Flow enhancementNicolas Poirier of Doris Engineering, Paris, told DOT delegates that many deepwater finds in recent years have reservoir characteristics which lead to rapid tail-off of production with increasing water cut, unless preventative measures are taken (Fig. 1 [43,445 bytes] and Fig. 2 [42,972 bytes]).
The author said these discoveries are typically characterized by a hydrostatic reservoir with active water drive, rapid water cut increase, and a shallow reservoir below the mud line, in some cases with the water depth of the same order of magnitude as the reservoir depth below the mud line.
He advised that to overcome these problems flow enhancement can be performed either 1) in the wells by electrical submersible pumps (ESPs) or by gas lift or 2) on the seabed, near or inside the riser, taking advantage of the height of the riser and the proximity of the floating production unit to reduce capital expenditure and operating costs (Fig. 3 [127,145 bytes]).
Poirier showed how riser flow enhancement could be achieved in deepwater fields developed with subsea wells and floating production units by using two different principles: addition of mechanical energy by multiphase pumping; and lightening the fluid in the riser by gas-liquid separation, water removal, or gas lift.
The author described the application of these techniques in a case study developed by Doris Engineering for a field development being planned for a deepwater find off West Africa.
The study was carried out to identify the most appropriate flow enhancement solution for an unnamed West Africa field development in 1,400 m of water, to be produced with a floating production, storage, and offloading (FPSO) vessel connected to five subsea manifolds, each with four wells.
Each manifold would be linked to the FPSO by two 8-in. pipelines, with lengths varying from 5 km to 7.5 km including the riser, to allow round trip pigging.
Maximum oil production from each of the 20 wells was reckoned to be 16,000 b/d, while reservoir pressure was 3,915 psi and the reservoir total vertical depth was 2,500 m below sea level.
The reservoir's gas-oil ratio was 170 cu m/cu m, the water cut was expected to be 0-80% reaching 50% after 5 years, and the oil viscosity in the reservoir was 20 cp at 15° C. (Fig. 4 [30,924 bytes]).
The author said three important issues should be highlighted for this West African field, since they are typical for deepwater fields and could have an impact on operating procedures.
First there was the potential for wax formation. The crude oil itself is waxy, and the low ambient temperature and low reservoir temperature require the pipelines to be pigged more than once a month.
There also was the risk of hydrate formation in the production lines, particularly during unexpected shutdowns: "This phenomenon is accentuated in deep water with high pressure and low ambient temperature and requires that the lines be insulated."
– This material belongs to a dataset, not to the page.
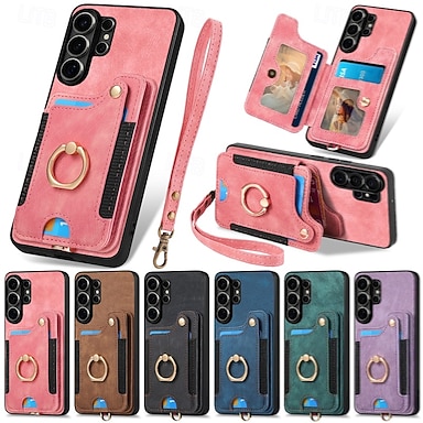 telefono Custodia Per Samsung Galaxy S26 Ultra Plus S25 S25 Edge S24 S23 Ultra Plus S24 FE S22 Plus Ultra Custodia Portafoglio con Supporto Cerniera Protezione Completa Retrò TPU Pelle PU
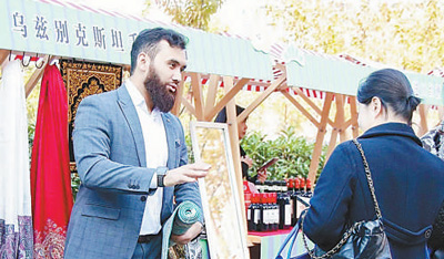 阿森貝克(左)在一場(chǎng)校園活動(dòng)中介紹烏茲別克斯坦手工藝品。浙江大學(xué)管理學(xué)院供圖

Finally there was the need to ensure that the differential between reservoir pressure and bottom hole pressure would not exceed 50 bar to prevent potential damage to the gravel pack and also gas coning.
AnalysisPoirier said four flow enhancement alternatives were considered-multiphase pumping, subsea separation of gas and liquids, subsea water separation, and injection of gas at the riser base-in terms of equipment required, potential productivity gain, and estimated increase in capital and operating costs.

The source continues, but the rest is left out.